22. A digitally-controlled hysteresis loops circuit according to claim 20, wherein the hysteresis delay units are identical.

23. A digitally-controlled hysteresis loops circuit according to claim 22, wherein the hysteresis delay units perform respectively an inverter mode and a hysteresis mode.

24. A digitally-controlled hysteresis loop circuit according to claim 20, wherein the hysteresis delay units further perform respective a delay time and a resolution which are derived from a time difference in the inverter mode and the hysteresis mode.

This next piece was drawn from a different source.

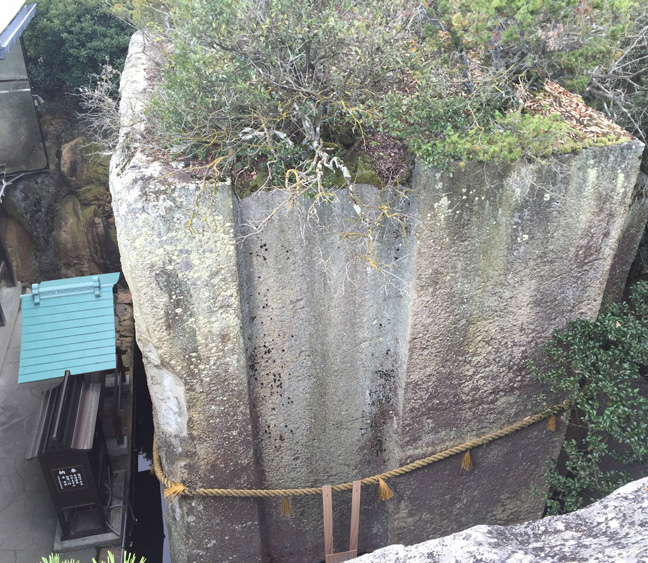 金刀比羅宮奥社 厳魂神社八雲山はスサノオが活躍した国生みの時代まで、そして金毘羅宮は神話に登場する大物主命の時代まで歴史が遡ることから、霊峰石鎚山と共にレイラインの指標としては最も古いものにあたります。また、益田岩船の場所も、伊弉諾神宮と紀伊大島出雲を介して、古くから特定されたと考えられます。その益田岩船の場所を指標として用いて、「石の宝殿」が出雲の八雲山につながる線上に見出されたということは、これら指標のすべてが海に結び付いていることを示唆しているようです。出雲はスサノオが日本海から上陸した古代の聖地です。紀伊大島出雲も海に面した紀伊半島の最南端です。香川の金刀比羅宮は海上交通の神々を祀っています。そして伊弉諾神宮にて葬られた伊耶那岐神は、国生みにあたり、日本の島々を船で巡り渡った人物です。よって、奈良の拠点となる益田岩船に海上交通のモチーフが絡んでいることに何ら不思議はなく、これらレイラインの指標を用いて見いだされた「石の宝殿」も例外ではありません。

25. A digitally-controlled hysteresis loop circuit according to claim 20, wherein the hysteresis delay units are different.

26. A digitally-controlled hysteresis loop circuit according to claim 25, wherein the hysteresis delay units perform respectively an inverter mode and a hysteresis mode.

27. A digitally-controlled hysteresis loop circuit according to claim 26, wherein the hysteresis delay units further perform respective a delay time and a resolution which are derived from a time difference in the inverter mode and the hysteresis mode.